:: Description of the task ::
Exact reproduction of the data is required, with images excluded.

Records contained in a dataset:
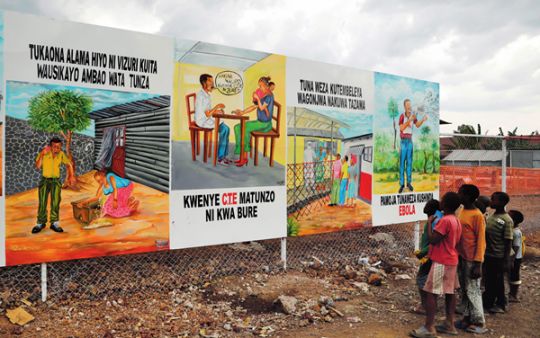 2019年8月3日,刚果(金)戈马,孩子们在看传播预防埃博拉感染知识的宣传画
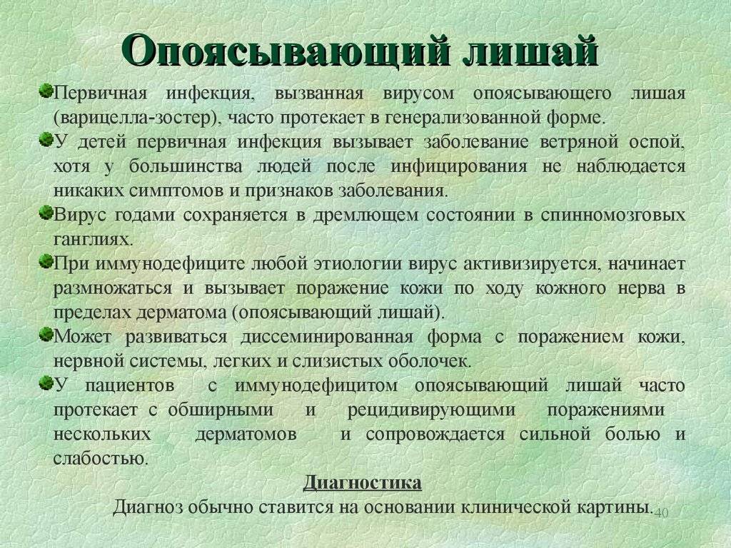 Является заразным, вызывается возбудителем ветряной оспы (вирусом семейства Herpesviridae – Varicella zoster). Чаще развивается у людей старшего или среднего возраста, дети при контакте с такими больными заболевают ветрянкой.
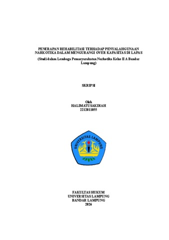 HALIMATUSAKDIAH, . (2026) PENERAPAN REHABILITASI TERHADAP PENYALAHGUNAAN NARKOTIKA DALAM MENGURANGI OVER KAPASITAS DI LAPAS (Studi dalam Lembaga Pemasyarakatan Narkotika Kelas II A Bandar Lampung). FAKULTAS HUKUM , UNIVERSITAS LAMPUNG.
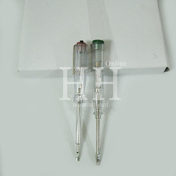 ไขควงลองไฟ มี 2แบบ มีแบบหัวกด ยี่ห้อ STAR และ แบบหัวเดี่ยว(ไม่ต้องกด แค่เสียบ) ยี่ห้อ META จำหน่ายเป็นโหล
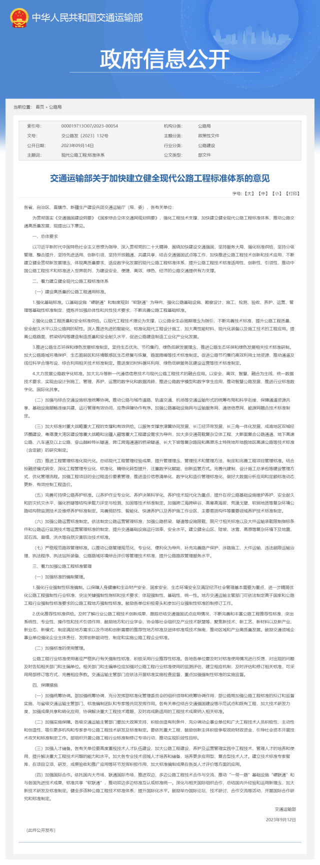 央視網(wǎng)消息:交通運(yùn)輸部發(fā)布關(guān)于加快建立健全現(xiàn)代公路工程標(biāo)準(zhǔn)體系的意見(jiàn)。其中提出,大力發(fā)展公路數(shù)字化標(biāo)準(zhǔn)。加大北斗等新一代通信信息技術(shù)與現(xiàn)代公路工程技術(shù)的融合應(yīng)用。以安全、高效、智慧、融合為主線(xiàn),統(tǒng)一數(shù)據(jù)技術(shù)要求,實(shí)現(xiàn)由設(shè)計(jì)到施工、管理、養(yǎng)護(hù)、運(yùn)營(yíng)的數(shù)字化和數(shù)據(jù)流轉(zhuǎn),推進(jìn)公路數(shù)字模型和數(shù)字孿生應(yīng)用,推動(dòng)智慧公路發(fā)展,推進(jìn)行業(yè)標(biāo)準(zhǔn)數(shù)字化、國(guó)際化共享。
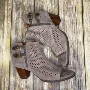 Vionic Women's Size 7.5 Chryssa Taupe Suede Peep Toe Cone Heel Ankle Booties
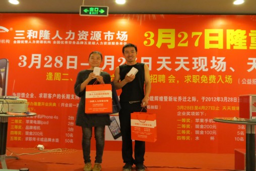 热烈祝贺三和隆开业庆典取得圆满成功,持续近二十天的抽奖正在火热进行中,不少企业和求职客户在实现心中所愿的同时,与幸运相依相伴,非常可喜的抽到了由三和隆倾情回馈的IPHONE 4S手机及各类现金奖项,同喜同贺。

:: Answer space ::
 2019年8月3日,刚果(金)戈马,孩子们在看传播预防埃博拉感染知识的宣传画
 Является заразным, вызывается возбудителем ветряной оспы (вирусом семейства Herpesviridae – Varicella zoster). Чаще развивается у людей старшего или среднего возраста, дети при контакте с такими больными заболевают ветрянкой.
 HALIMATUSAKDIAH, . (2026) PENERAPAN REHABILITASI TERHADAP PENYALAHGUNAAN NARKOTIKA DALAM MENGURANGI OVER KAPASITAS DI LAPAS (Studi dalam Lembaga Pemasyarakatan Narkotika Kelas II A Bandar Lampung). FAKULTAS HUKUM , UNIVERSITAS LAMPUNG.
 ไขควงลองไฟ มี 2แบบ มีแบบหัวกด ยี่ห้อ STAR และ แบบหัวเดี่ยว(ไม่ต้องกด แค่เสียบ) ยี่ห้อ META จำหน่ายเป็นโหล
 央視網(wǎng)消息:交通運(yùn)輸部發(fā)布關(guān)于加快建立健全現(xiàn)代公路工程標(biāo)準(zhǔn)體系的意見(jiàn)。其中提出,大力發(fā)展公路數(shù)字化標(biāo)準(zhǔn)。加大北斗等新一代通信信息技術(shù)與現(xiàn)代公路工程技術(shù)的融合應(yīng)用。以安全、高效、智慧、融合為主線(xiàn),統(tǒng)一數(shù)據(jù)技術(shù)要求,實(shí)現(xiàn)由設(shè)計(jì)到施工、管理、養(yǎng)護(hù)、運(yùn)營(yíng)的數(shù)字化和數(shù)據(jù)流轉(zhuǎn),推進(jìn)公路數(shù)字模型和數(shù)字孿生應(yīng)用,推動(dòng)智慧公路發(fā)展,推進(jìn)行業(yè)標(biāo)準(zhǔn)數(shù)字化、國(guó)際化共享。
 Vionic Women's Size 7.5 Chryssa Taupe Suede Peep Toe Cone Heel Ankle Booties
 热烈祝贺三和隆开业庆典取得圆满成功,持续近二十天的抽奖正在火热进行中,不少企业和求职客户在实现心中所愿的同时,与幸运相依相伴,非常可喜的抽到了由三和隆倾情回馈的IPHONE 4S手机及各类现金奖项,同喜同贺。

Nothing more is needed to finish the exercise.